ABSTRACT
In recent years, the social sciences have taken a ‘mobilities turn’. There has been a developing realisation that mobilities do not ‘just happen’. Mobilities are carefully and meticulously designed, planned and staged (from above). However, they are equally importantly acted out, performed and lived as people are ‘staging themselves’ (from below). Staging mobilities is a dynamic process between ‘being staged’ (for example, being stopped at traffic lights) and the ‘mobile staging’ of interacting individuals (negotiating a passage on the pavement).

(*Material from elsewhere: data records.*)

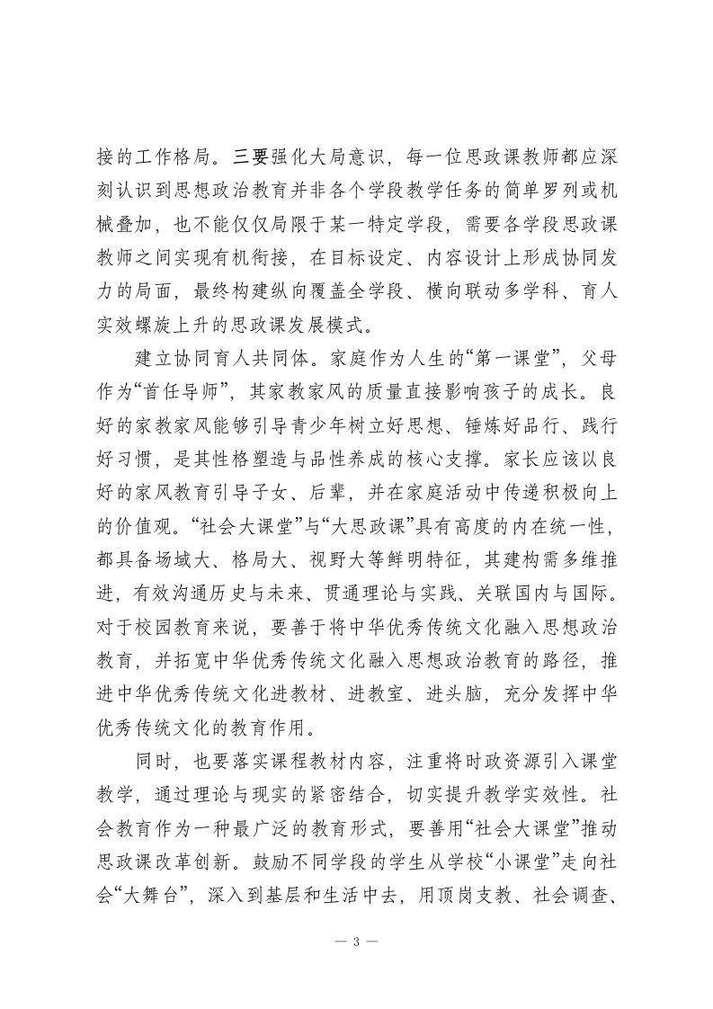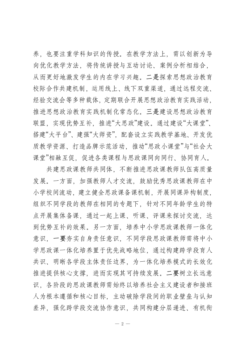 推进中小学思政课一体化共同体建设的实践路径党的二十大报告提出:“用社会主义核心价值观铸魂育人,完善思想政治工作体系,推进中小学思想政治教育一体化建设。”为“推进中小学思政课一体化建设”的再一次提炼与创新提供了根本遵循,在实践中应不断深化对思想政治教育规律和学生成长规律的认识。一、推进中小学思政课一体化共同体建设的必要性中小学思政课一体化共同体建设在紧扣立德树人根本任务的同时,统筹其他学科教育,形成一个系统、完整、科学的教育体系,从而使学生的个性得到充分发展。中小学思政课一体化共同体建设不是将小学、中学、高中等各阶段教育主体或是思政课、其他学科、实践活动等单一功能进行简单拼凑叠加,而是各构成主体紧密协作,最终形成全员、全程、全方位的育人合力。在推进中小学思政课一体化共同体建设方面,需持续深化改革创新,不断增强思政课的针对性与吸引力。二、推进中小学思政课一体化共同体建设的实践路径探索中小学思政课一体化机制,不断加强体制机制建设。一是制定实施覆盖所有思政课的区域性行动方案,应涵盖思政课的设置、教学内容及教学方法等多个方面。在思政课的设置上,针对各学段、各年级、各专业学生的实际需求设置与之相匹配的课程。在教学内容上,既要注重学生思想道德素质的培1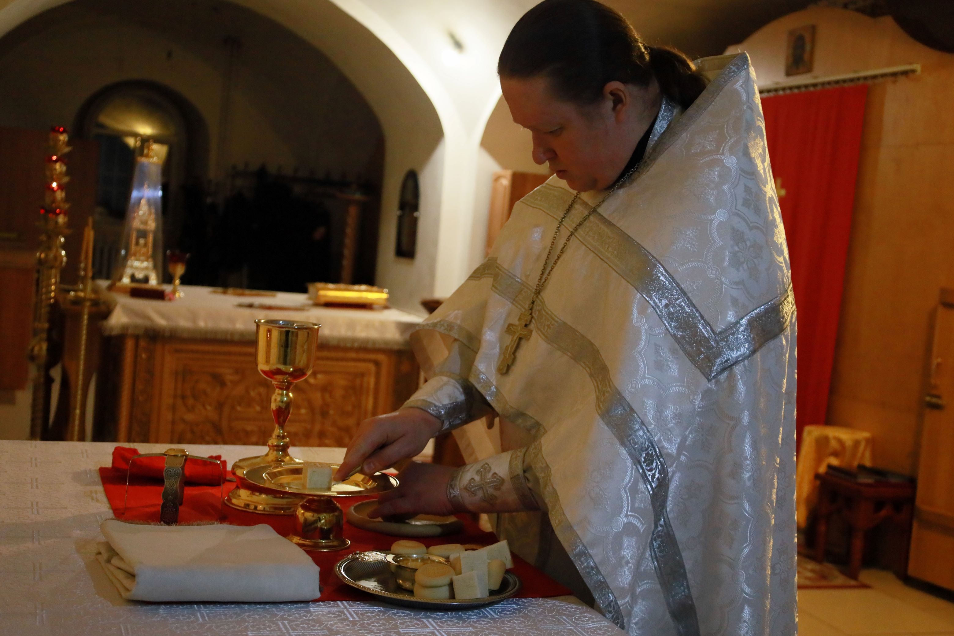 Всенощное бдение началось великим повечерием, на котором молящиеся услышали торжественную песнь пророка Исаии: «С нами Бог, разумейте, языцы, и покаряйтеся, яко с нами Бог!»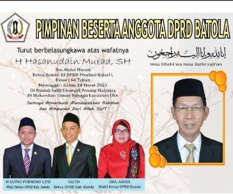 Turut berduka cita atas Meninggalnya H. Hasanuddin Murad SH, mantan Bupati Batola Periode 2007–2012 dan 2012-2017 dan anggota DPRD Kalsel masa bakti 2019-2024.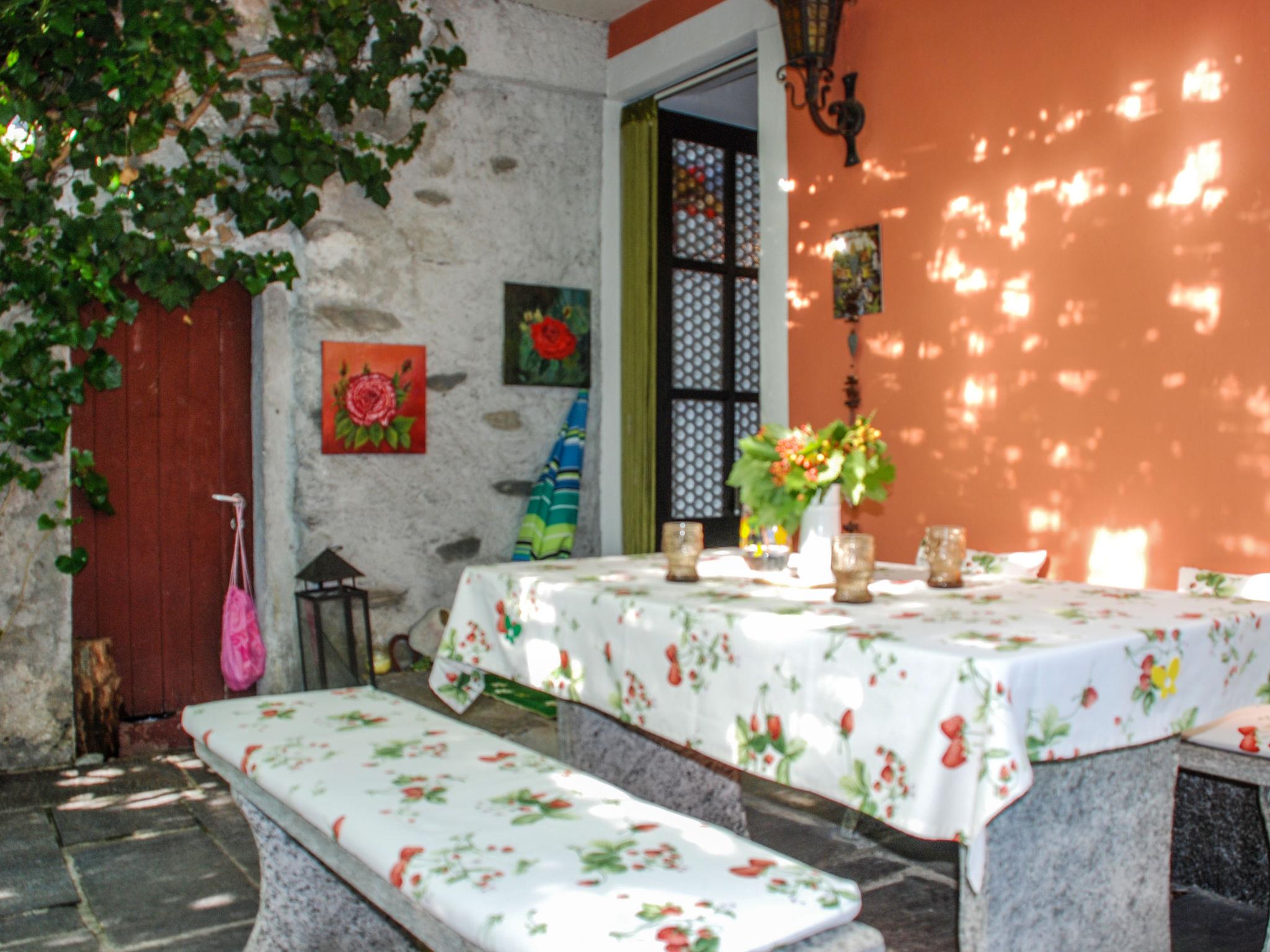 "Verzaschina", 2-room apartment 45 m2 on 2 levels. Simple and cosy furnishings: kitchen-/living room (3 hot plates, oven, toaster, kettle, microwave, electric coffee machine, Capsules for coffee machine (Nespresso (mitnehmen) extra) with open-hearth fireplace and radio. Exit to the patio. Shower/WC. Heating. Upper floor: open living/sleeping room with 1 sofabed (90 cm, length 200 cm), cable TV, flat screen and radio. Exit to the balcony. 1 large double bedroom with 1 double bed (2 x 90 cm, length 200 cm). Patio partly roofed. Deck chairs (2). Facilities: Internet (WiFi, free). Please note: not suitable for small children not suitable for children under 10 years. Non-smokers only. Maximum 1 pet/ dog allowed. NL-00007349

Staging Mobilities is about the fact that mobility is more than movement between point A and B. It explores how the movement of people, goods, information, and signs influences human understandings of self, other and the built environment. Moving towards a new understanding of the relationship between movement, interaction and environments, the book asks: what are the physical, social, technical, and cultural conditions to the staging of contemporary urban mobilities?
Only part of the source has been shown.